Bis Anfang September 2020 ist der Mainkai gesperrt. Fünf Tipps, wie Autofahrer den Bereich umfahren können, gibt die Redaktion hier.

Kommentar von Dennis Pfeiffer-Goldmann

Die Frankfurter und ihre Besucher sollen sich den Mainkai selbst erobern. Klar, kann man so machen. Angesichts des Test-Charakters der Straßensperrung, mag es probat sein, wenn erstmal nicht viel auf der leeren Gass' geschieht. Ein Umbau jetzt wäre herausgeworfenes Geld, wenn er rückgängig gemacht werden müsste.

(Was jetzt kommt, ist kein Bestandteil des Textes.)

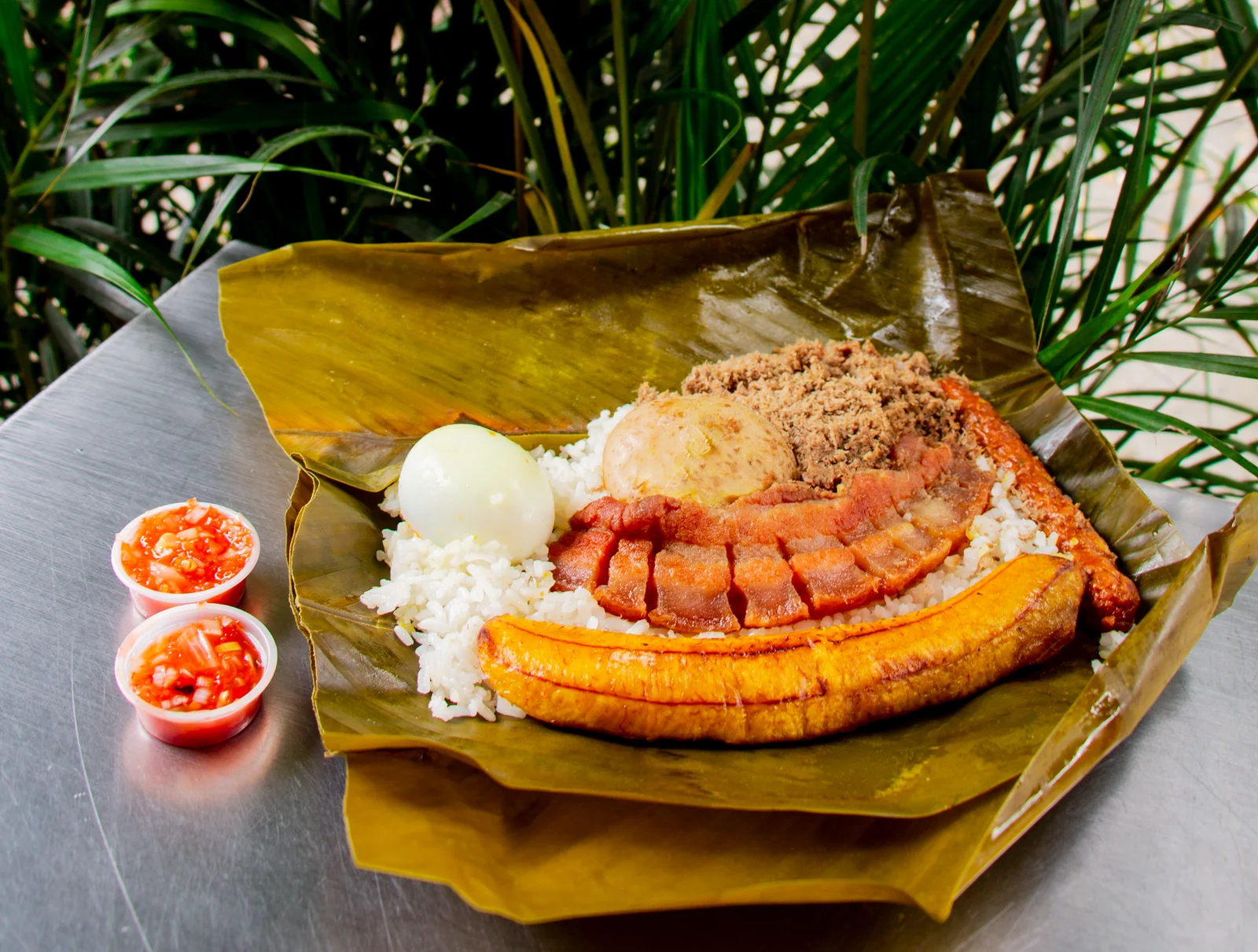 Chicharrón. Costilla de Cerdo. Chorizo Antioqueño. Arroz Asado. Huevo Duro. Arepa Redonda. Plátano Maduro. Yuca Frita. Papa con Hogao.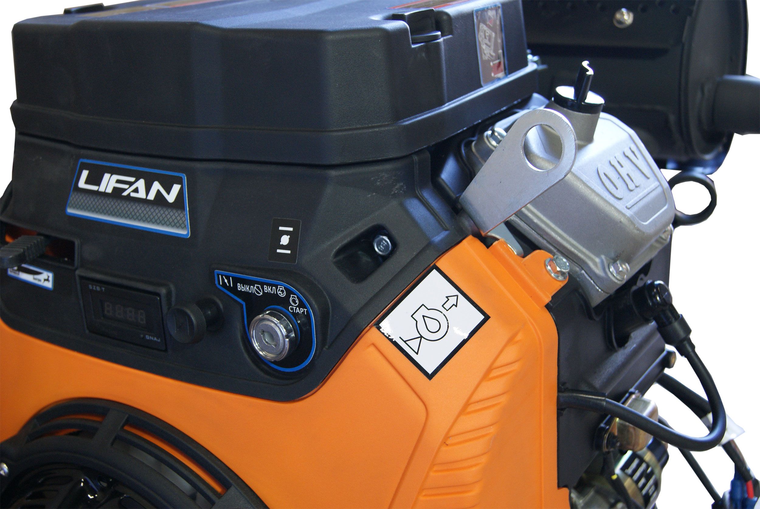 - У порівнянні з агрегатом на дизелі бензиновий двигун Ліфан не створить ніяких незручностей при нульових температурах: запуск відбувається буквально з першого разу.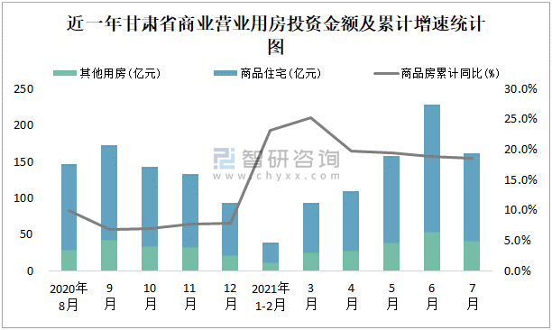 根據國家統計局數據統計可知:2021年7月甘肅省房地產開發投資商品房投資金額為162.06億元,其中包括辦公樓、商業營業用房等其他用房40.88億元(注:辦公樓、商業營業用房未分開統計);2021年1-7月甘肅省房地產開發投資包括商業營業用房在內的其他用房累計金額為199.8億元。

Muss er aber nicht. Das ahnt nun wirklich jeder. Nie wieder wird hier Verkehr entlang rauschen. Das auszusprechen aber traut sich kein Stadtoberer. Um bloß niemanden vor den Kopf zu stoßen, den die Sperrung stört. Die diplomatische Zurückhaltung führt nun unweigerlich zu einer echten Frankfurter Lösung: die des Halbgaren. Wie der Mainkai in ein paar Jahren aussehen wird, lässt sich auf der Hauptwache anschauen. Stellen wir uns also auf ein durch Nichtstun zur Dauerlösung mutierendes Provisorium ein. Das wir alle uns natürlich dennoch erobern. Auch wenn es weder ansehnlich noch praktisch sein wird.

Für die Entscheider ist dieser Weg natürlich der einfachste. Sie machen sich keine Mühe, den verdrängten Autofahrern Alternativen zu bieten. Und sei es nur eine Pendlerstraßenbahn von den leerstehenden Neckermann-Parkdecks an der Hanauer Landstraße in die City. Die Stadtoberen machen sich auch keine Mühe, allzu aktiv das Neue am Mainkai zu gestalten. Stattdessen werden alle weitgehend sich selbst überlassen. So lässt sich zwar auch keine Begeisterung für die Sperrung entfachen. Aber es erspart wenigstens Arbeit im Römer. Und es zeigt klar, welchen Gestaltungswillen Schwarz, Rot und Grün haben: keinen.